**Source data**
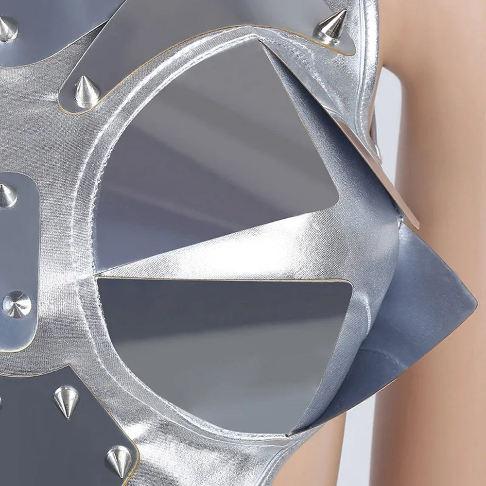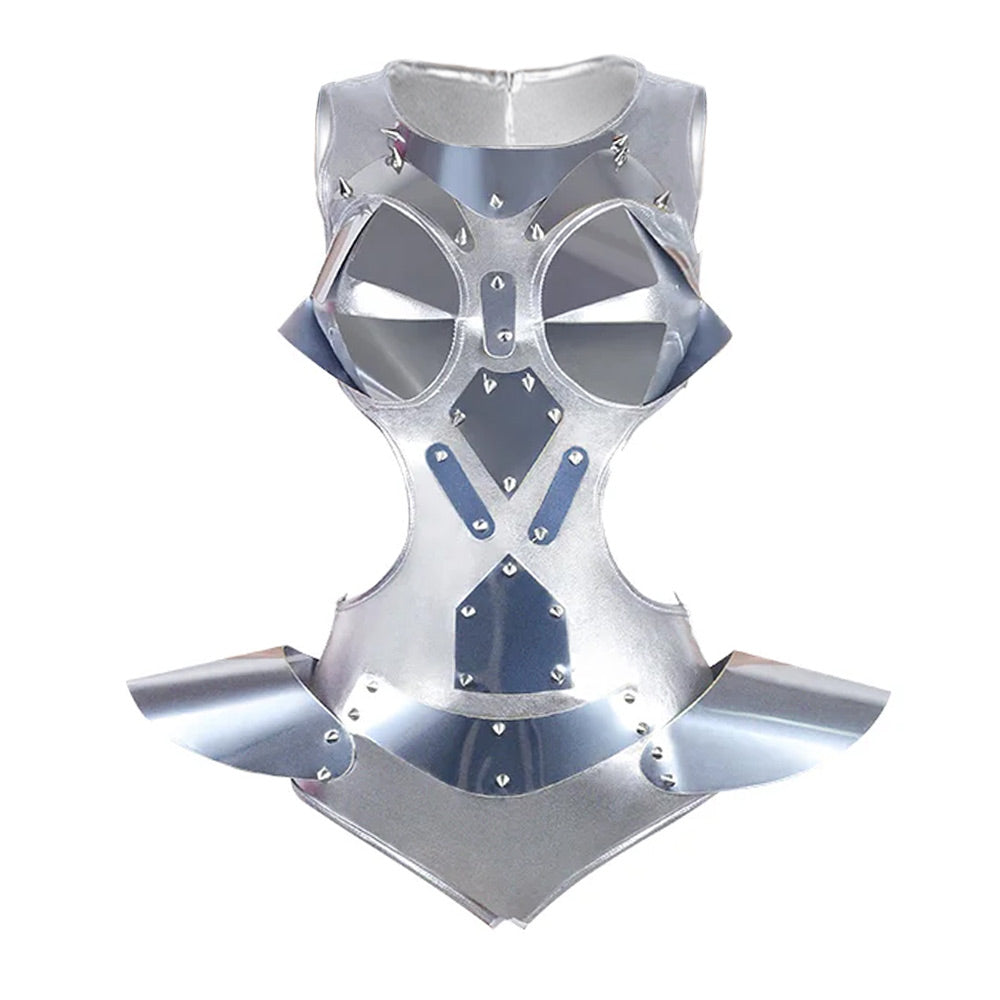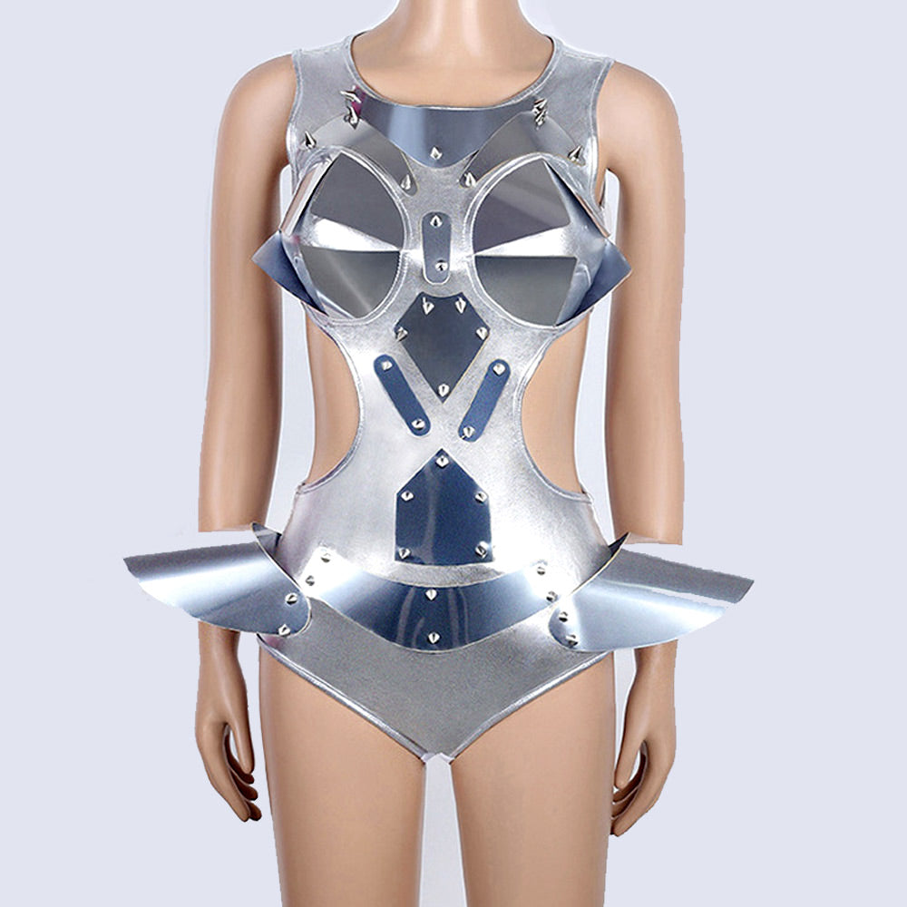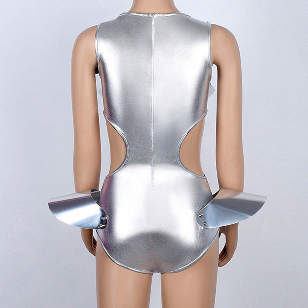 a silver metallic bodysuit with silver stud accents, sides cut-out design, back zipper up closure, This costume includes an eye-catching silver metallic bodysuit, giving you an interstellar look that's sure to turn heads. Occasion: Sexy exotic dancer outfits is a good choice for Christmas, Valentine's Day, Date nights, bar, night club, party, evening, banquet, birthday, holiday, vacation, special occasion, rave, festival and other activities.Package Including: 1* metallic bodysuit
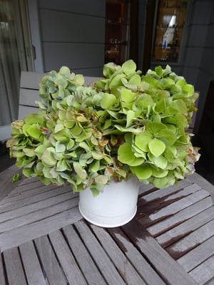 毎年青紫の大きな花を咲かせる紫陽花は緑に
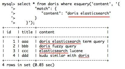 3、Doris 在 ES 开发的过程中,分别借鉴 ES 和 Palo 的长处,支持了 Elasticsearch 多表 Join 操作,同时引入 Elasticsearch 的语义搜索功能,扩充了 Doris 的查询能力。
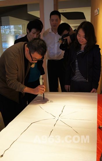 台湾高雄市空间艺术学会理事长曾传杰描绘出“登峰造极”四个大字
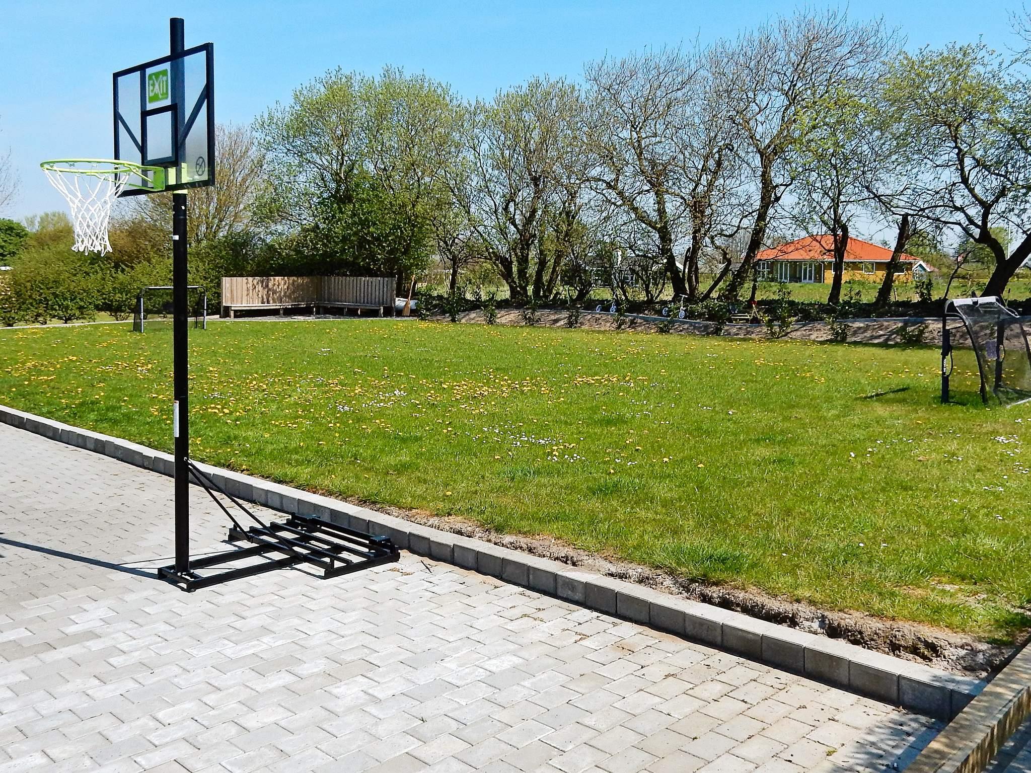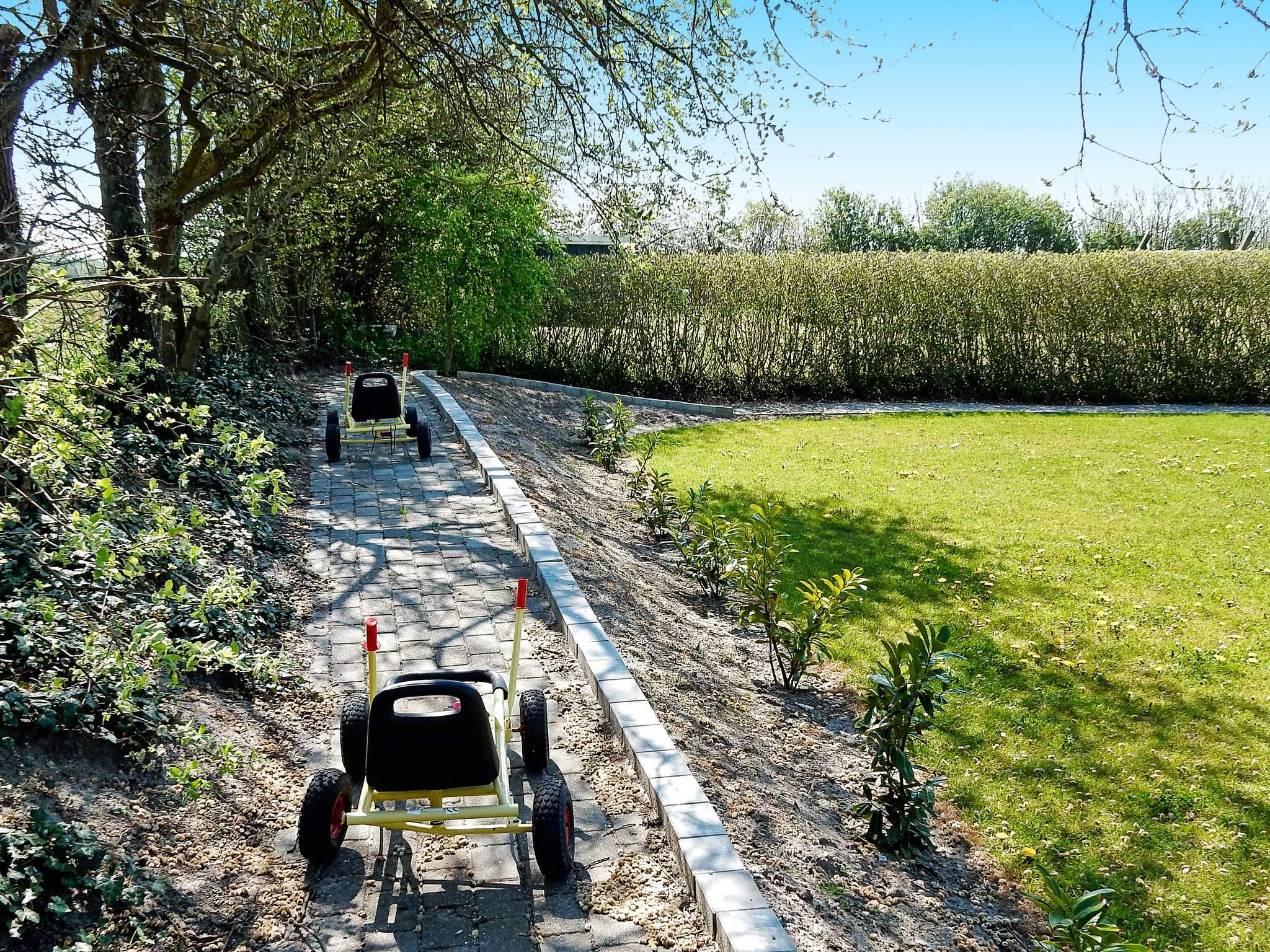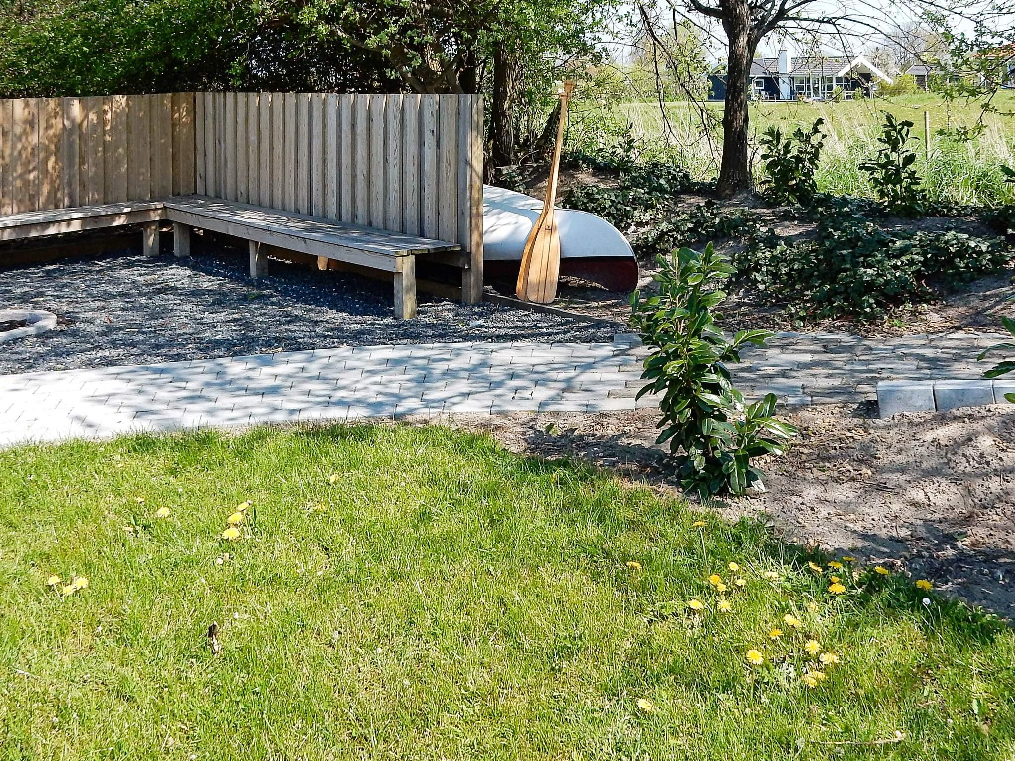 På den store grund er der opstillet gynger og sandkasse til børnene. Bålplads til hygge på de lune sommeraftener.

**THE TASK**
Give back the data exactly. Skip any images.

**ANSWER SPACE**
 a silver metallic bodysuit with silver stud accents, sides cut-out design, back zipper up closure, This costume includes an eye-catching silver metallic bodysuit, giving you an interstellar look that's sure to turn heads. Occasion: Sexy exotic dancer outfits is a good choice for Christmas, Valentine's Day, Date nights, bar, night club, party, evening, banquet, birthday, holiday, vacation, special occasion, rave, festival and other activities.Package Including: 1* metallic bodysuit
 毎年青紫の大きな花を咲かせる紫陽花は緑に
 3、Doris 在 ES 开发的过程中,分别借鉴 ES 和 Palo 的长处,支持了 Elasticsearch 多表 Join 操作,同时引入 Elasticsearch 的语义搜索功能,扩充了 Doris 的查询能力。
 台湾高雄市空间艺术学会理事长曾传杰描绘出“登峰造极”四个大字
 På den store grund er der opstillet gynger og sandkasse til børnene. Bålplads til hygge på de lune sommeraftener.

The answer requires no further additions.